### TASK GOAL:
Drop the pictures; give again exactly the lines from the one holding "Clubiona 16/12 lines" through the end of the data.

======== GIVEN DATA ========

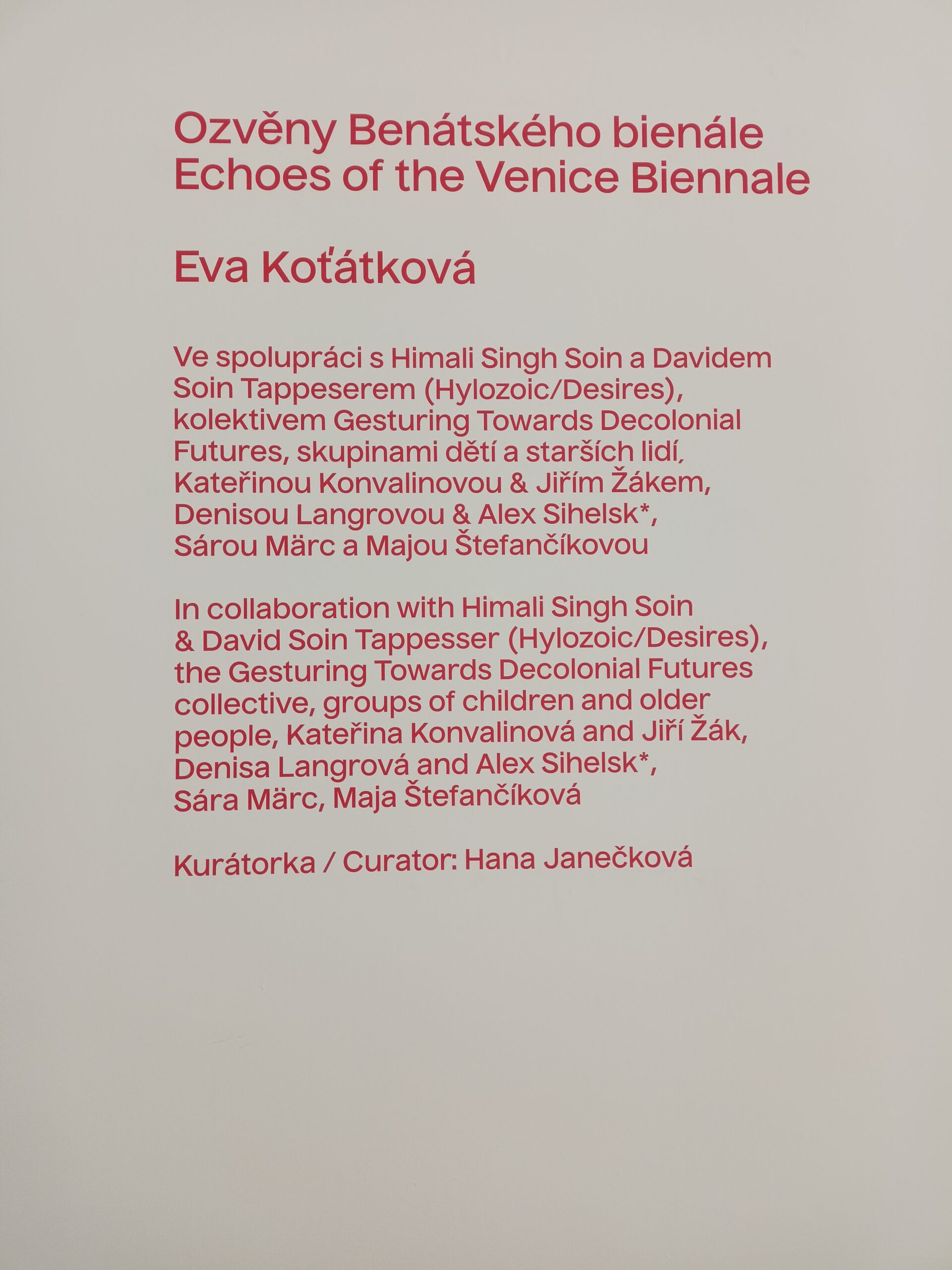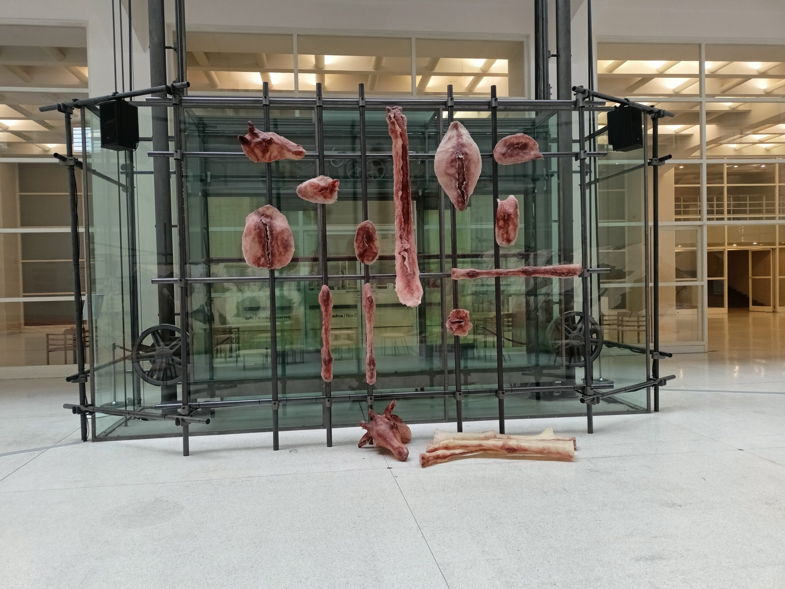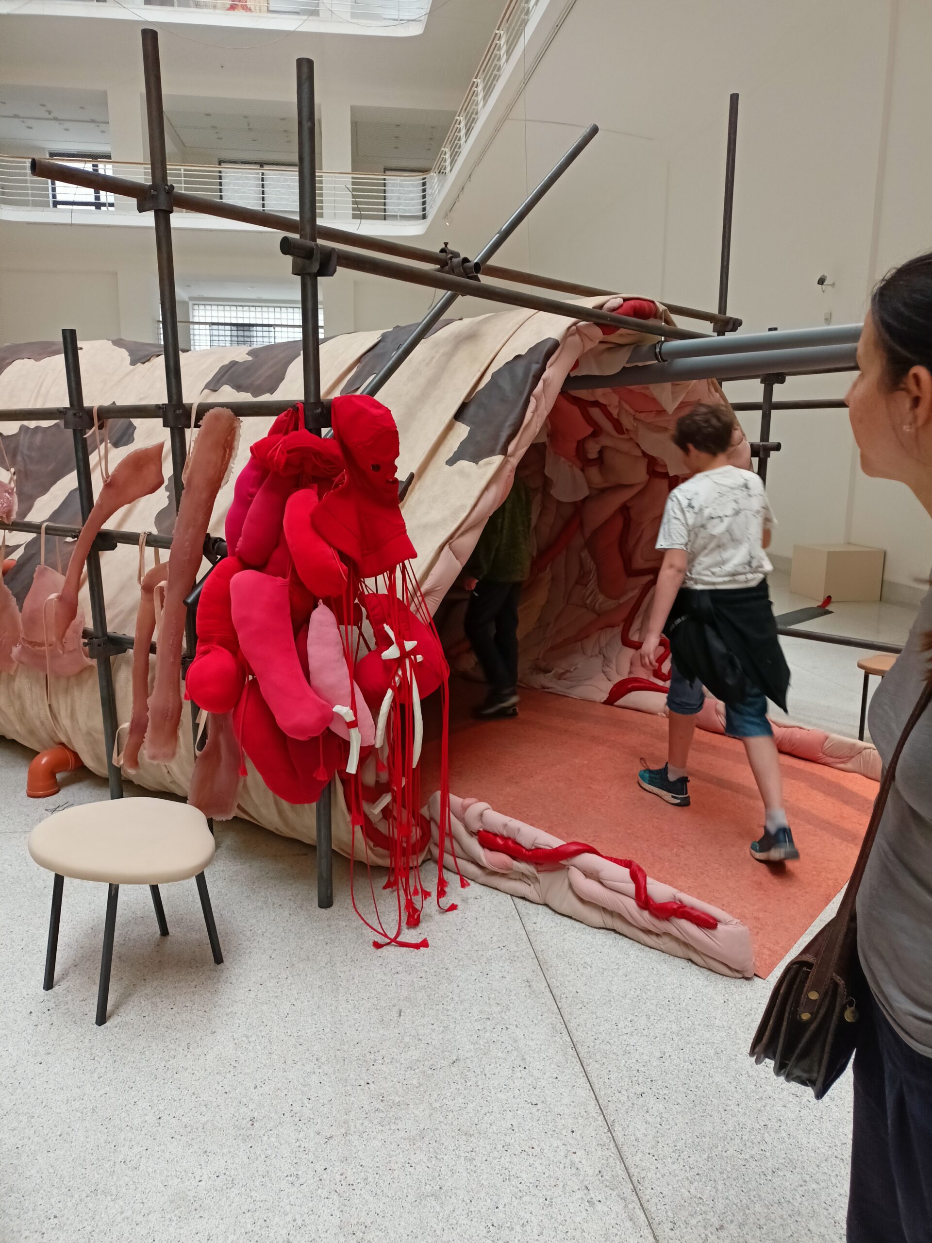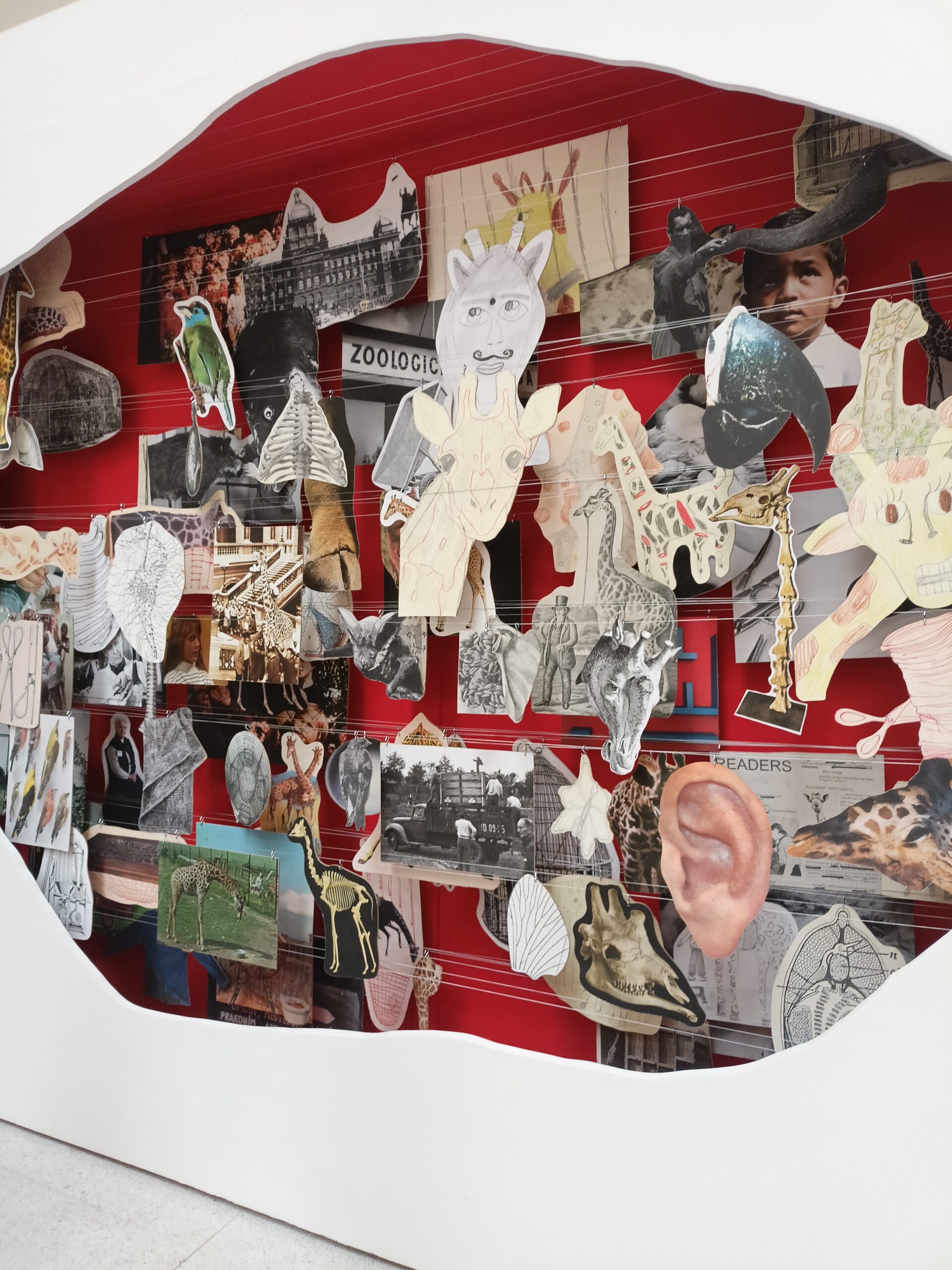 Ve Veletržním paláci (Dvoraně Veletržního paláce), nás čekal prostor s velkou instalací, ve kterém jsme se všichni mohli společně procházet, sami se v něm ukrýt, prozkoumávat ho, naslouchat zvukům uvnitř a vyslechnout krátké audio příběhy. Umělkyně Eva Koťátková připravila netradiční prostor improvizující zvětšený krk Žirafy Lenky, která krátce žila v Pražské ZOO. Její životní osud umělkyni natolik fascinoval, že ji přiměl k tvorbě interaktivního prostoru pro návštěvníky a účastníky workshopů. Součástí tohoto prostoru byla učebna s texty, textilní objekty, odlitky jednotlivých částí těla žirafy, popis jejího osudu. Niternost a fascinace prostorem nás doslova ohromila. Součástí workshopu byli i edukační hry, které byly na téma prostor, izolace a sebevyjádření svého prostoru. Mohli jsme i napsat osobní vzkaz autorce výstavy. Niternost, vjemy a fascinace konceptem a prostorem výstavy v nás vyvolala dojmy rozjímání o přírodě, životě, o konci života, odkazu přírody, vlastním prostoru potažmo o jeho sdílení. Výstavu vřele doporučujeme všem!!! A jedno přání žáků z prožitého workshopu? Mít tak podobný a niterný prostor k rozjímání i ve škole!…
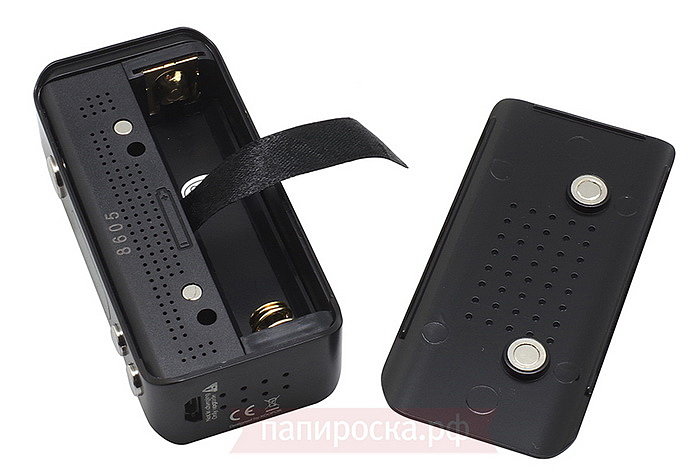 Не сказал бы, что крышка держится хорошо, из-за того, что снимается она слайдом вниз, крепление на корпусе не очень надежное. Она конечно же не будет слетать просто так, но если использовать устройство без чехла, то люфт крышки очень хорошо чувствуется. На крышке сделаны газо-вентиляционные отверстия, для вывода газов от аккумулятора и охлаждения платы. Сняв крышку, наблюдаем отверстие под один аккумулятор 18650, на корпусе проделаны вентиляционные отверстия и изображение, как правильно ставить аккумулятор. Аккумуляторы ставятся плюсом вверх. Для более удобной замены имеется ленточка, а минусовой контакт подпружинен. Пружинка довольно упругая, при замене будьте осторожны, чтобы аккумулятор не отлетел.
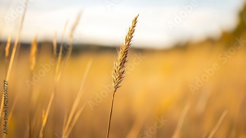 Fototapeta premium Golden Grass Spike in Stunning Natural Field at Dusk with Soft Focus...
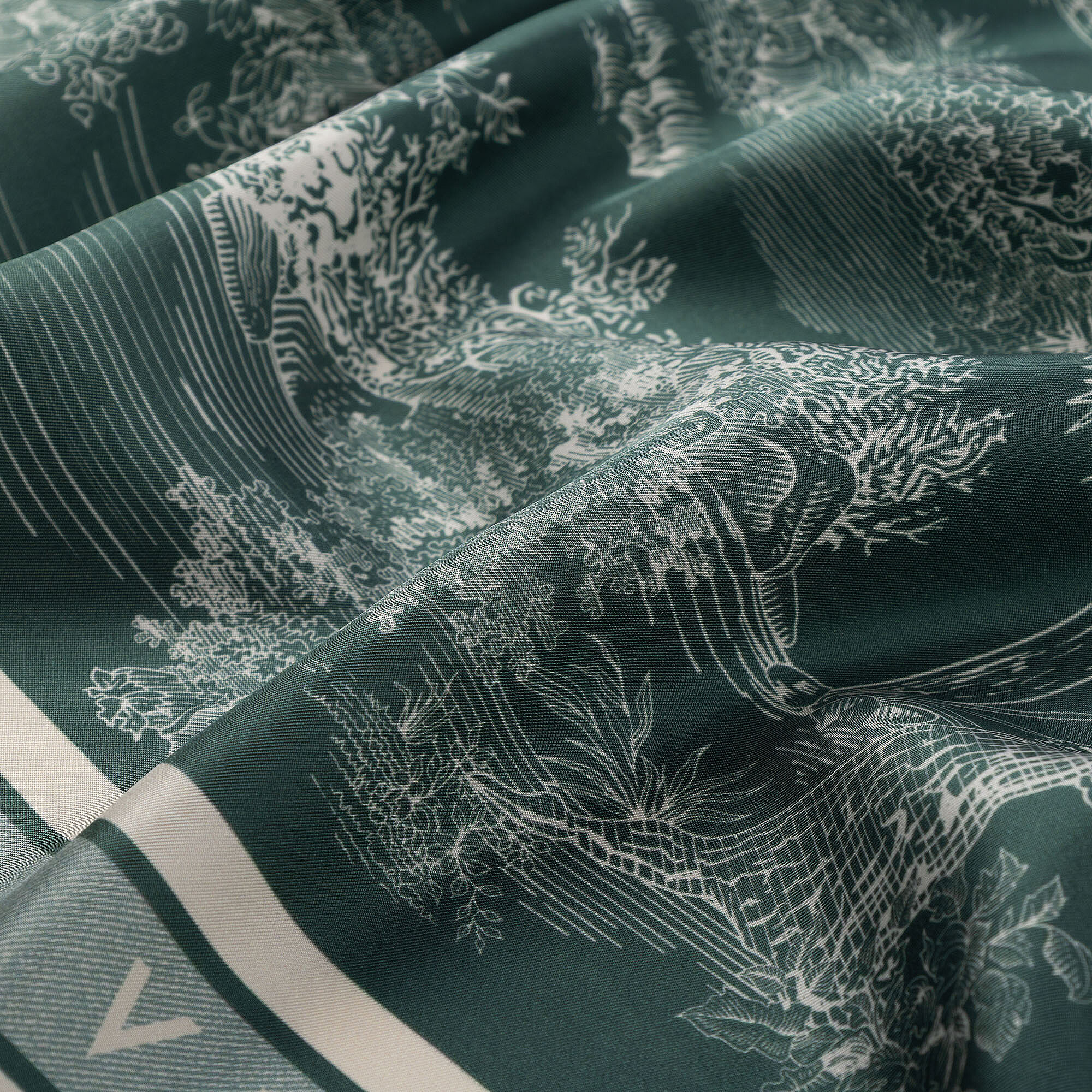 Inspired by the vibrant green of nature, the emerald tone meets French toile garden patterns to create a captivating silk Square Scarf. The 100% twill silk texture deepens the color, perfectly reflecting every detail of the pattern. This Vismara Square Scarf is perfect for those seeking nature-themed elegance. It takes center stage in feminine combinations, especially enlivening neutral-toned outfits.
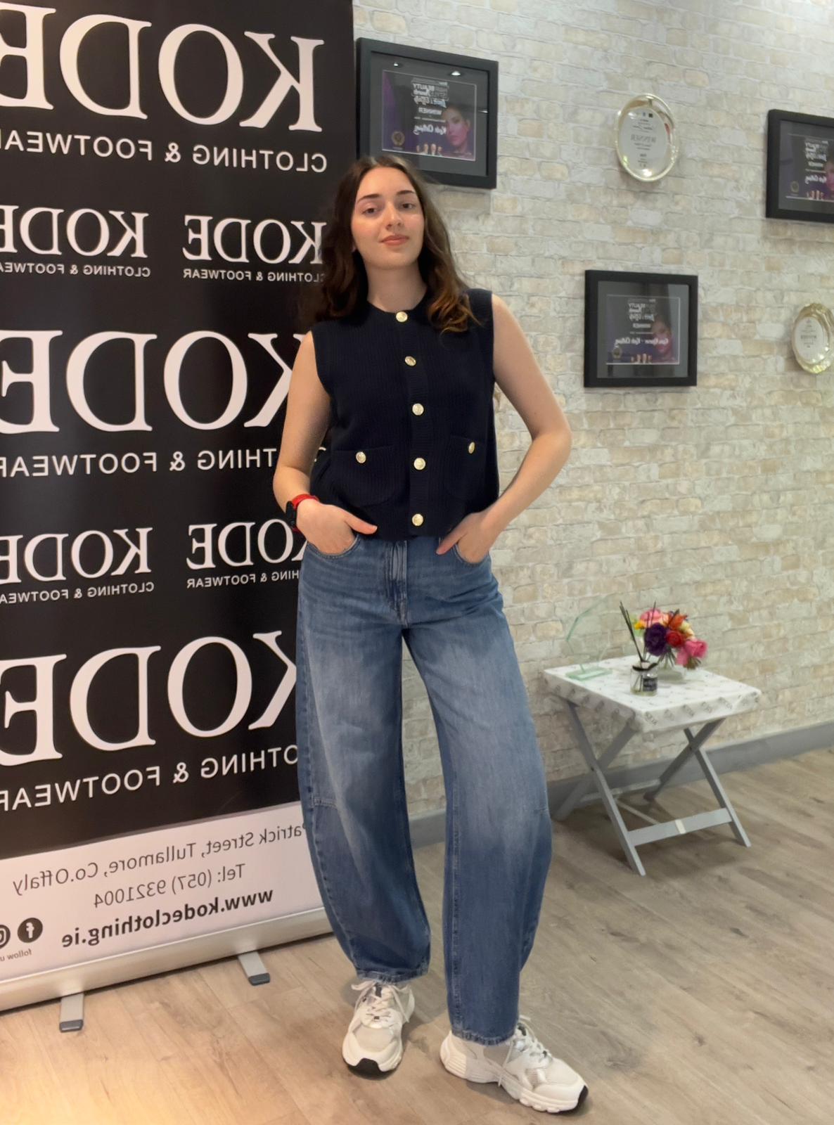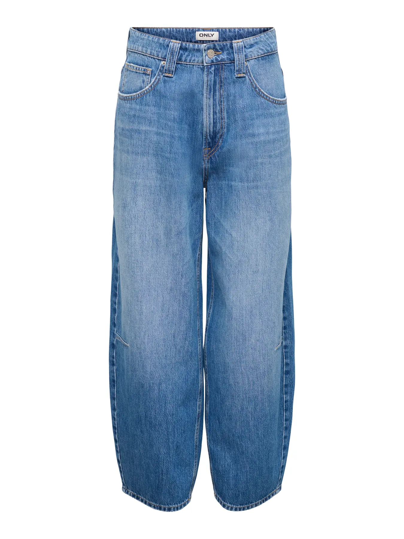 Nothing beats denim – the timeless trend belongs in any wardrobe and looks great with contrasting white items or matched with other denim styles for a fun, stylish look. – Product Type : Barrel jeans – Closing : Button and zip fastening – Pockets : Back pockets, Coin pocket, Front pockets – Waist : High waist – Length/Size : Ankle length – Extra details : Belt loops – Wash/Finish : Mid wash for a washed and worn-in denim look – Fit : Barrel Fit
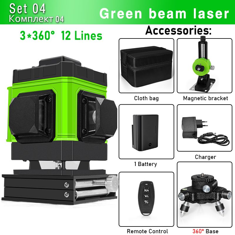 Clubiona 16/12 lines Laser Level professional Super powerful Green Lines With 3600mAh Li-ion Battery Remote Control pulse mode
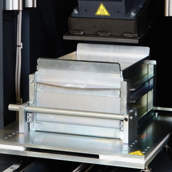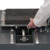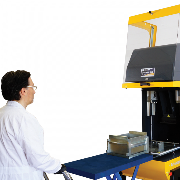 Electromechanical slab compactors feature a compacting system by roller segment head radius 535 mm. The roller segment freely moves by simple friction for better compaction uniformity. A brushless motor (standard models), or stepper motor (advanced models) moves vertically the roller segment under displacement control. the vertical load is applied orthogonally to the axis of the travel motion. the mould carriage moves back and forth by linear movement. The longitudinal (major) mould dimension correspond to the compaction direction so it is possible to obtain specimens of the proper lenght conforming to Standards. The lifting machine cover permit an easy access to the mould area. In the "rest" position, the mould is close to the operator for easy positioning while the roller segment is lifted and positioned at the back of the machine.
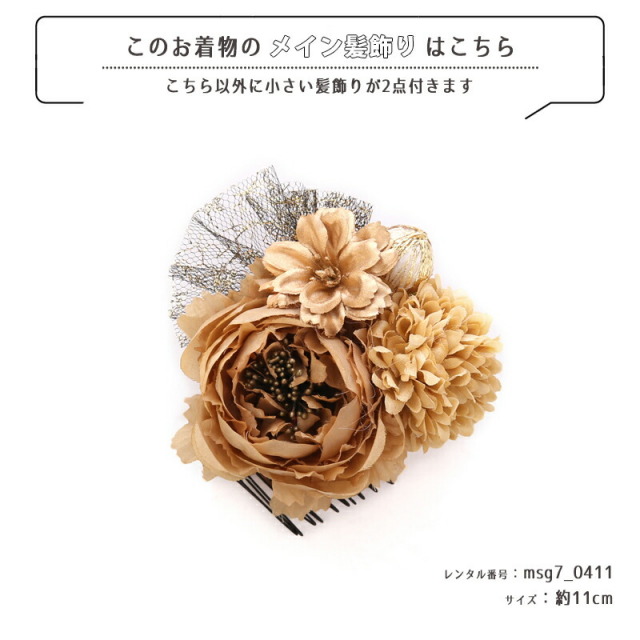 | コーディネート | 女の子七五三(7歳女の子用)に含まれる物:着物、長襦袢(カット袖)、作り帯、草履、バッグ、帯揚げ、箱迫、帯〆、しごき、末広(扇子)、足袋、腰紐(3本)、コーリンベルト、伊達締め、髪飾り |
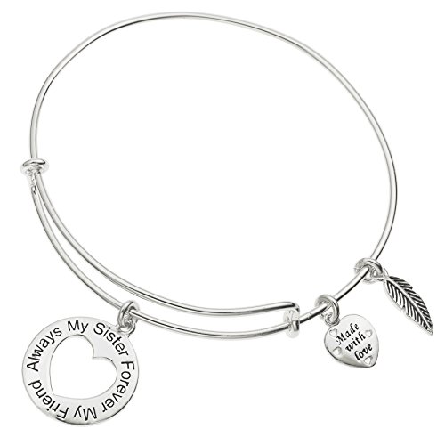 Qina C Sterling Silver Always My Sister Forever My Friend Love Heart Feather Dangle Charm Family Adjustable Wire Bangle Bracelet

========

### YOUR SOLUTION:
 Clubiona 16/12 lines Laser Level professional Super powerful Green Lines With 3600mAh Li-ion Battery Remote Control pulse mode
 Electromechanical slab compactors feature a compacting system by roller segment head radius 535 mm. The roller segment freely moves by simple friction for better compaction uniformity. A brushless motor (standard models), or stepper motor (advanced models) moves vertically the roller segment under displacement control. the vertical load is applied orthogonally to the axis of the travel motion. the mould carriage moves back and forth by linear movement. The longitudinal (major) mould dimension correspond to the compaction direction so it is possible to obtain specimens of the proper lenght conforming to Standards. The lifting machine cover permit an easy access to the mould area. In the "rest" position, the mould is close to the operator for easy positioning while the roller segment is lifted and positioned at the back of the machine.
 | コーディネート | 女の子七五三(7歳女の子用)に含まれる物:着物、長襦袢(カット袖)、作り帯、草履、バッグ、帯揚げ、箱迫、帯〆、しごき、末広(扇子)、足袋、腰紐(3本)、コーリンベルト、伊達締め、髪飾り |
 Qina C Sterling Silver Always My Sister Forever My Friend Love Heart Feather Dangle Charm Family Adjustable Wire Bangle Bracelet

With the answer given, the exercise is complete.